Hypothesis 7: This is stated as: the behavior in smokers will increase over time. This suggests that the value for Constant Friendship rate for Period 1 > 2 but the value for Constant Friendship rate for Period 2< 2, which does not support the hypothesis. Hence, the value for Smoking Behavior Quadratic Shape (Absolute value) 1.9128 divided by (Standard Error) 0.4307 is greater than 2, the value is said to be positive as well as > 2. Hnece, the parameter does operationalizes for hypothesis 7.
Hypothesis 8: This is stated as: non-smokers will tend to become light smokers and the light smokers will tend to become heavy smokers. This further suggests that since the smoking behavior alter remains 0.1118 with error 0.1627, which is below 2, stating that this behavior will not be the dominating behavior among all actors in the networks, hence the parameter does not operationalizes hypothesis 8.
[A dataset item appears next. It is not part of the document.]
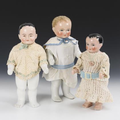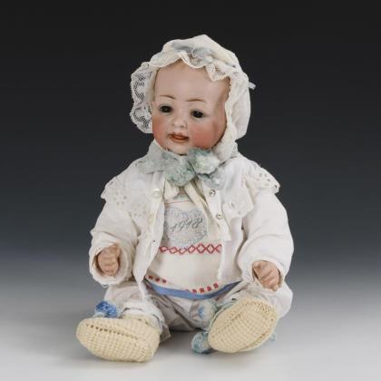 Kurbelkopf, braune Schlafaugen, offen/geschlossener Mund, gestrichelte Babyhaare. 5-teiliger Sitzbabykörper. Weiße Kleidung, Häubchen und Häkelschuhe. Dazu alte Kinderrassel. Kopf ohne sichtbare Defekte, lediglich kaum sichtbare Brandrisse hinter den Ohren.

After knitting your file to RPubs, copy the URL and paste it into the comment field of the Lab 2 Assignment on Canvas. Save this .Rmd file and submit it in the file portion of your Canvas assignment. Make sure to review your file and its formatting. Run spell check (built into RStudio) and proofread your answers before submitting. If you can’t publish to RPubs, save your HTML file as a PDF and submit that instead.6 There are many different ways to do this with different browsers. Google it.